*Records contained in a dataset*.
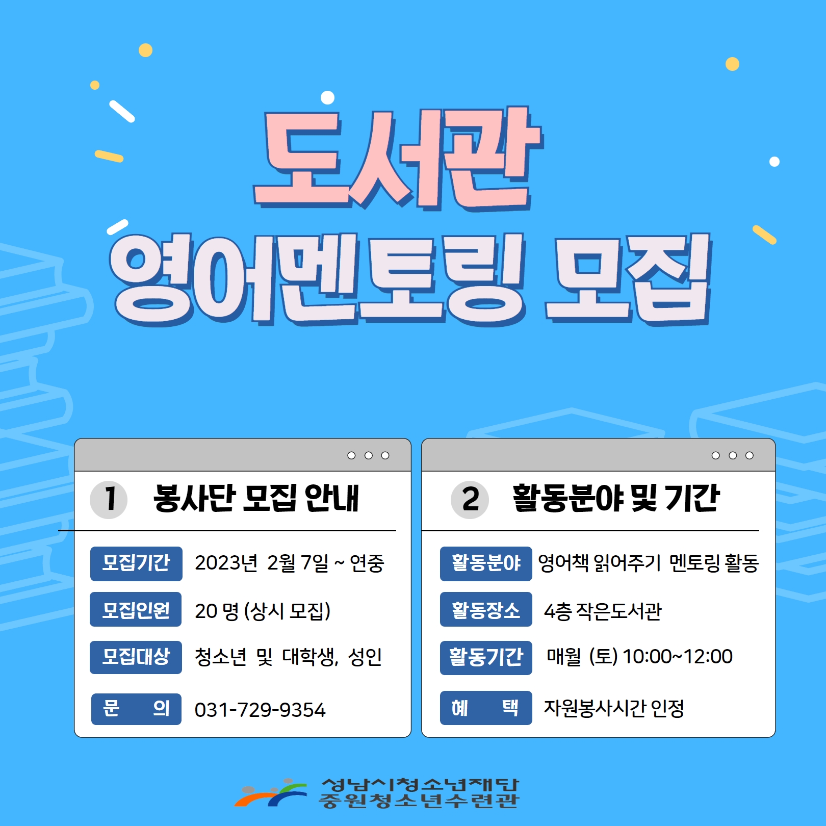 도서관 영어멘토링 모집 작성자 : 관리자 등록일자 : 2023년 2월 6일 15시 56분 56초 조회 : 1,269 도서관 영어멘토링 모집 - 모집기간: 2023. 2월 7일 ~ 연중 - 모집대상: 청소년 및 대학생, 성인- 활동내용: 영어책 읽어주기 멘토링 활동- 활동기간: 매월 (토) 10:00 ~12:00- 문 의: 031-729-9354 영어멘토링 홍보문.jpg [ Size : 536.18KB , Down : 783 ] 미리보기 다운로드 목록으로
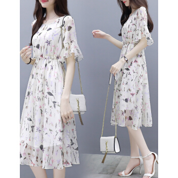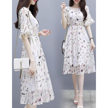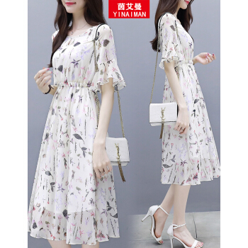茵艾曼连衣裙女雪纺2020夏季新款女装韩版小个子时尚潮港味印花短袖中长款裙子 A386图片色 M《100-110斤》 |
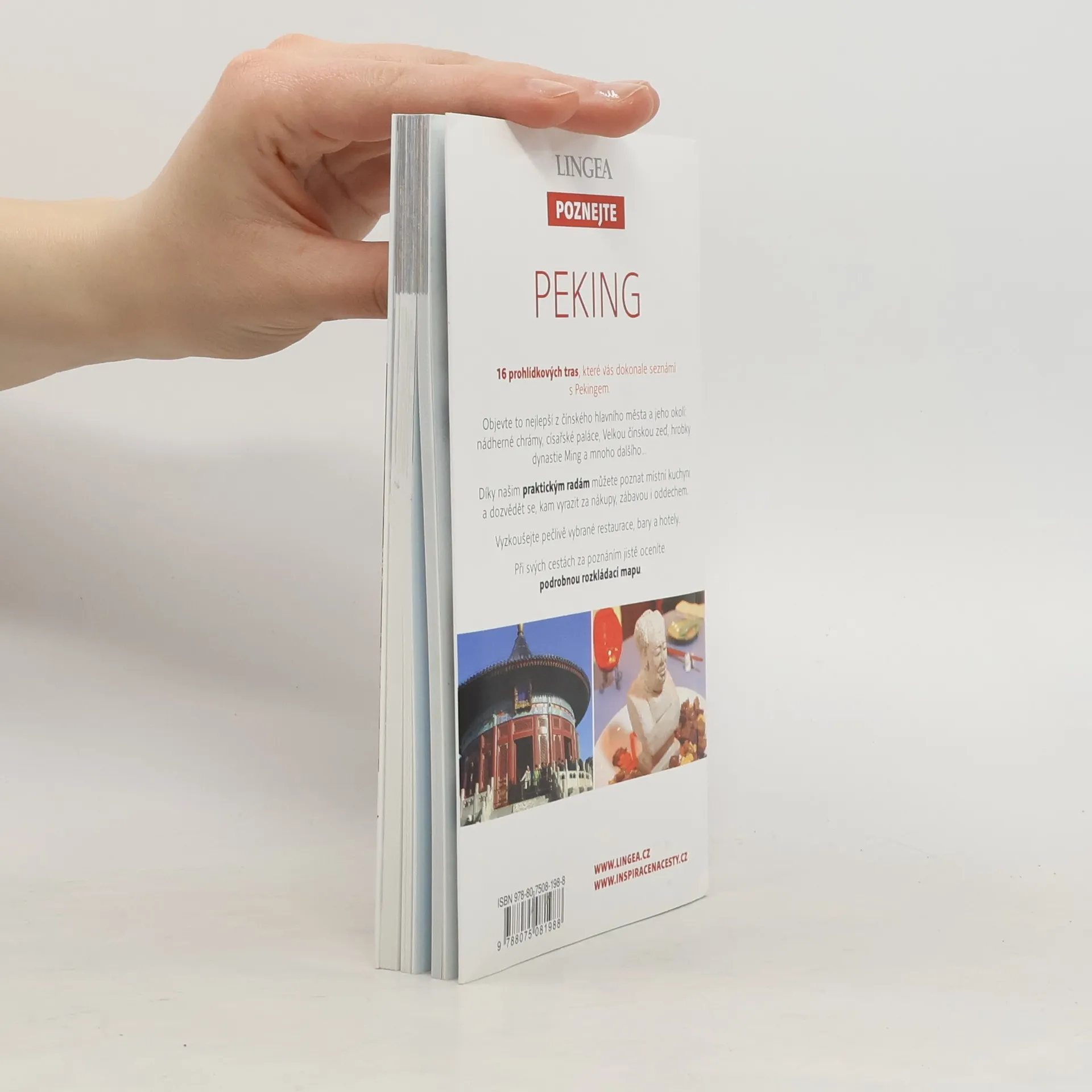 16 prohlídkových tras, které vás dokonale seznámí s Pekingem. Objevte to nejlepší z čínského hlavního města a jeho okolí: nádherné chrámy, císařské paláce a zahrady, Velkou čínskou zeď, hrobky dynastie Ming a mnoho dalšího... Díky našim praktickým radám můžete poznat místní kuchyni a dozvědět se, kam vyrazit za nákupy, zábavou i oddechem. Při svých cestách za poznáním jistě oceníte podrobnou rozkládací mapu. 16 prohlídkových tras městem. Podrobná rozkládací mapa a schéma metra. Praktické informace a tipy na cestu. Kde se ubytovat, najíst a nakoupit. Kam vyrazit za zábavou i oddechem.
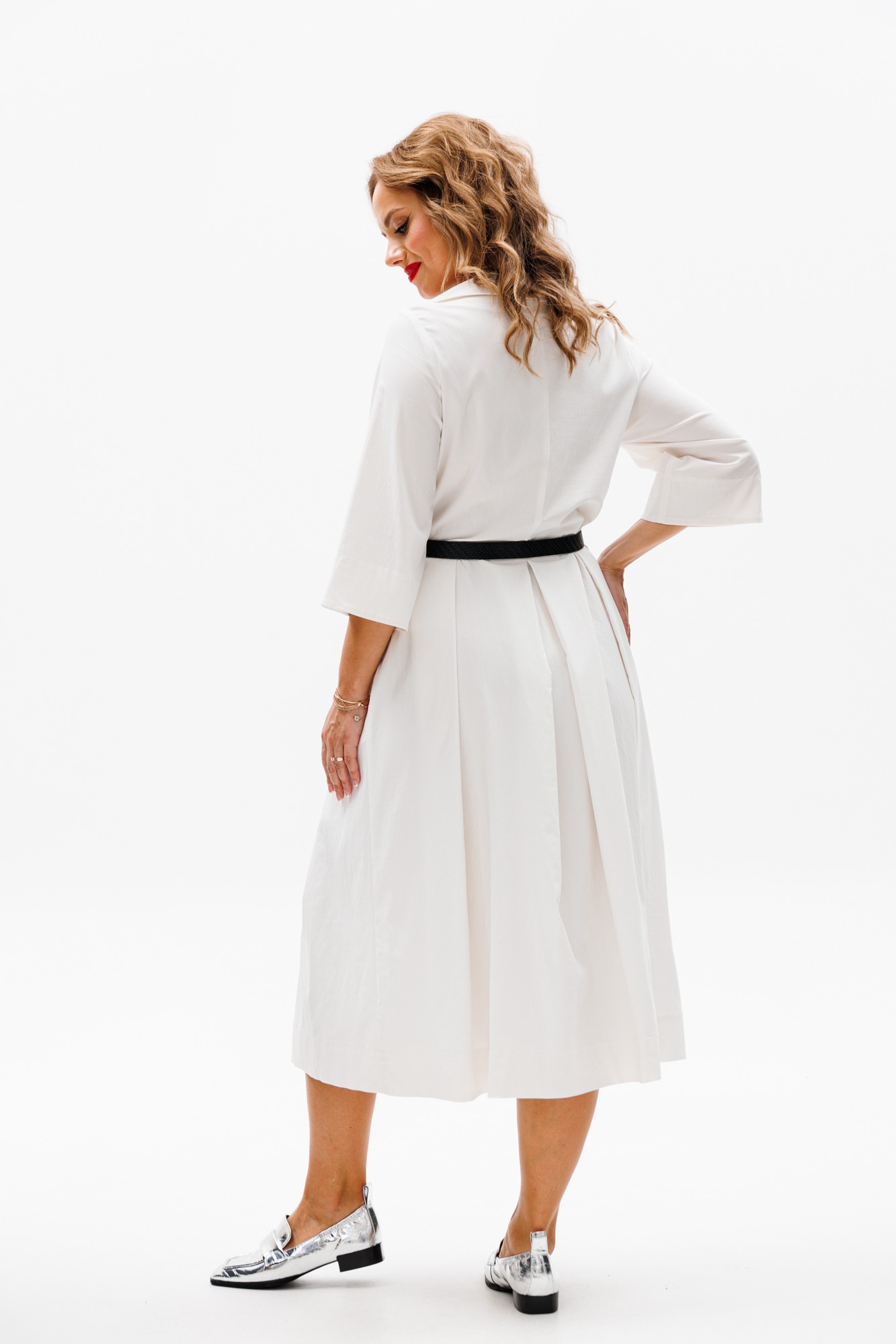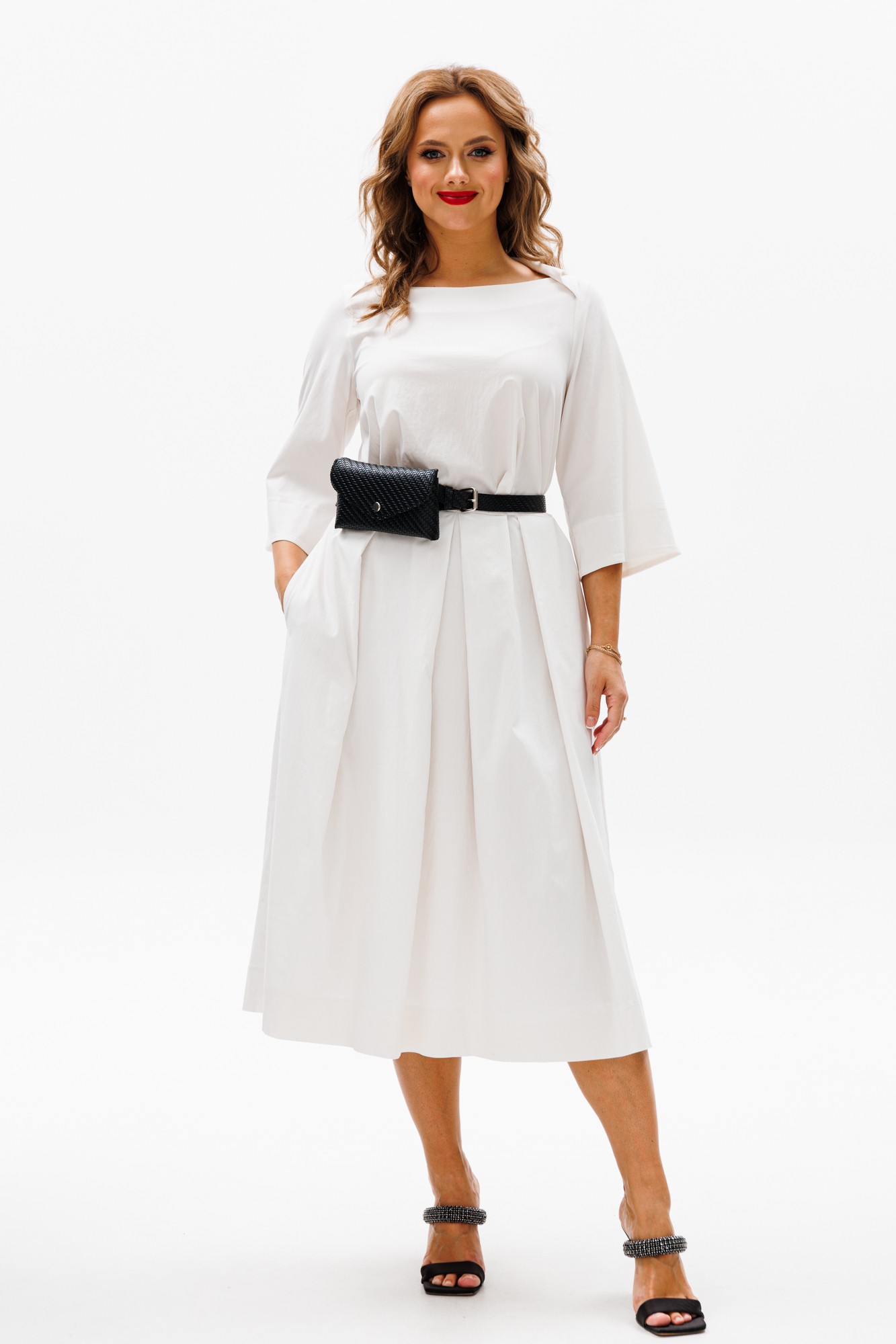 Элегантное женское платье из текстильной ткани. Отрезное по линии талии. По полочке объем груди создается за счет направленных складок из подреза. Объем юбки создается за счет центральной встречной и 2-х односторонних складок. По бокам в юбке- карманы. Юбка на подкладке. Рукав втачной, 3/4 длинны с отворотом. Вырез горловины лодочка с отложным воротником. В качестве декора - поясная сумочка и брошь.
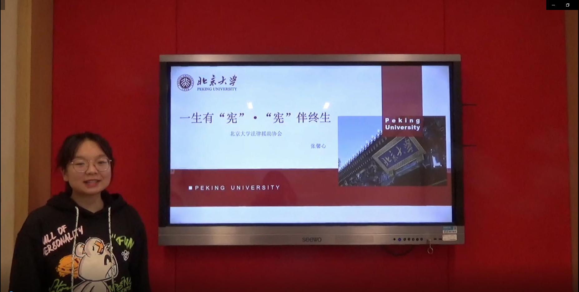 12月3日下午,在威廉希尔williamhill官方网站第23届研究生支教团的支持与协助下,“青春船长,法治起航”青少年普法宣传讲座以腾讯会议的方式面向河北省安新中学的800余名师生顺利举办。志愿者们紧密结合党史学习教育和学习贯彻党的十九届六中全会精神,围绕宪法、民法典等重要法律的条文,以案释法、寓教于乐,将晦涩难懂的法律知识用青少年听得懂、记得住、乐意学的方式讲出来,切实增强当地师生的法律意识,提高普法教育的实效性和参与度。在提问环节,同学们积极发言,志愿者们耐心解答,现场气氛活跃热烈。根据支教团成员的反馈,现场师生纷纷表示收获良多,青少年员工的宪法意识、国家意识、规则意识得到了切实增强。
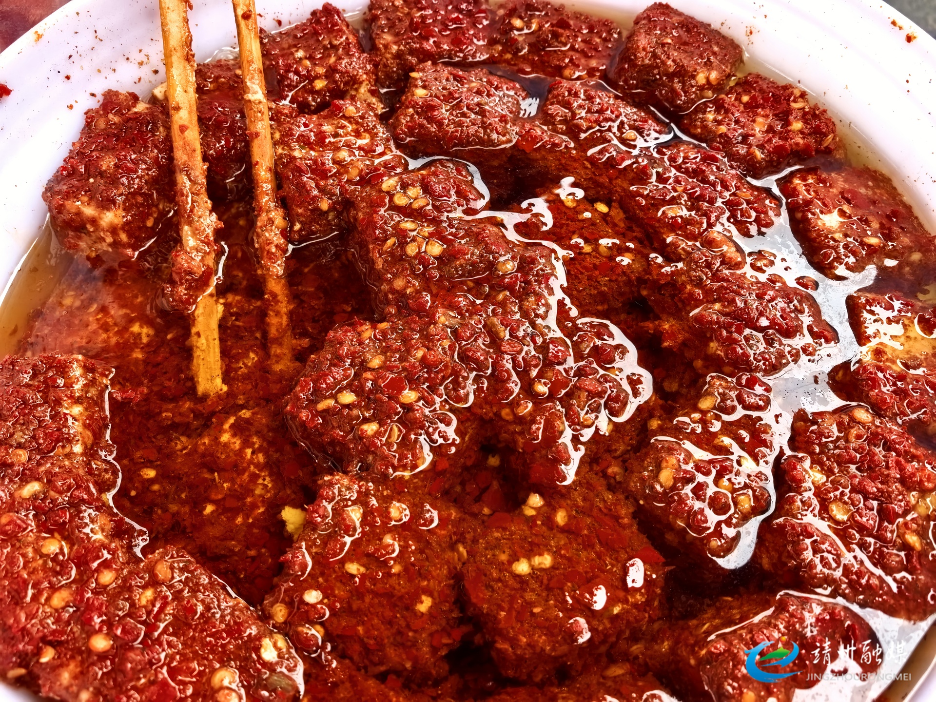 被红油包裹住的霉豆腐(周悦伊 摄)

*What you need to do*. Pictures are to be left out; the lines from the start of the records above through the line holding "茵艾曼连衣裙女雪纺2020夏季新款女装韩版小个子时尚潮港味印花短袖中长款裙子 A386图片色 M《100-110斤》" are to be returned exactly.

*Solution for this problem*.
 도서관 영어멘토링 모집 작성자 : 관리자 등록일자 : 2023년 2월 6일 15시 56분 56초 조회 : 1,269 도서관 영어멘토링 모집 - 모집기간: 2023. 2월 7일 ~ 연중 - 모집대상: 청소년 및 대학생, 성인- 활동내용: 영어책 읽어주기 멘토링 활동- 활동기간: 매월 (토) 10:00 ~12:00- 문 의: 031-729-9354 영어멘토링 홍보문.jpg [ Size : 536.18KB , Down : 783 ] 미리보기 다운로드 목록으로
茵艾曼连衣裙女雪纺2020夏季新款女装韩版小个子时尚潮港味印花短袖中长款裙子 A386图片色 M《100-110斤》 |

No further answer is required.